* What is needed *
I'd ask you to write out the lines below exactly, with no images.

··· Data provided ···

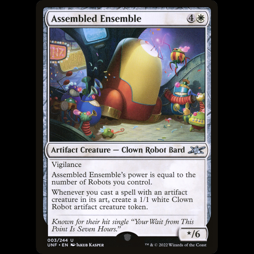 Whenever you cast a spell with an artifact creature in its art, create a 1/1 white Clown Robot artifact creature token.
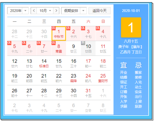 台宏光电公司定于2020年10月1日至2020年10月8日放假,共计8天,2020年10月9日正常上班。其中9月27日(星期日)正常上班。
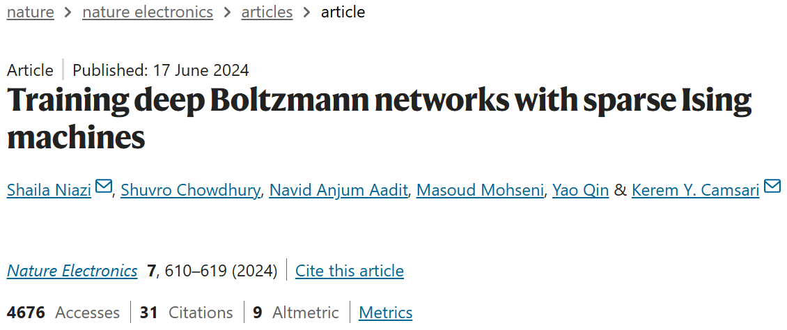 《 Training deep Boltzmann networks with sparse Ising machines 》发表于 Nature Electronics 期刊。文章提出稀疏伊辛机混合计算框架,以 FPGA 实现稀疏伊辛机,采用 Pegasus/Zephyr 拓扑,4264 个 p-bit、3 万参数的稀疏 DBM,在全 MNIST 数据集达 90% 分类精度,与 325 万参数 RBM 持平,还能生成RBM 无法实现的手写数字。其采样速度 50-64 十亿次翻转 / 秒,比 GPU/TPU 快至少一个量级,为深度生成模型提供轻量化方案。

···

* Solution for this problem *
 Whenever you cast a spell with an artifact creature in its art, create a 1/1 white Clown Robot artifact creature token.
 台宏光电公司定于2020年10月1日至2020年10月8日放假,共计8天,2020年10月9日正常上班。其中9月27日(星期日)正常上班。
 《 Training deep Boltzmann networks with sparse Ising machines 》发表于 Nature Electronics 期刊。文章提出稀疏伊辛机混合计算框架,以 FPGA 实现稀疏伊辛机,采用 Pegasus/Zephyr 拓扑,4264 个 p-bit、3 万参数的稀疏 DBM,在全 MNIST 数据集达 90% 分类精度,与 325 万参数 RBM 持平,还能生成RBM 无法实现的手写数字。其采样速度 50-64 十亿次翻转 / 秒,比 GPU/TPU 快至少一个量级,为深度生成模型提供轻量化方案。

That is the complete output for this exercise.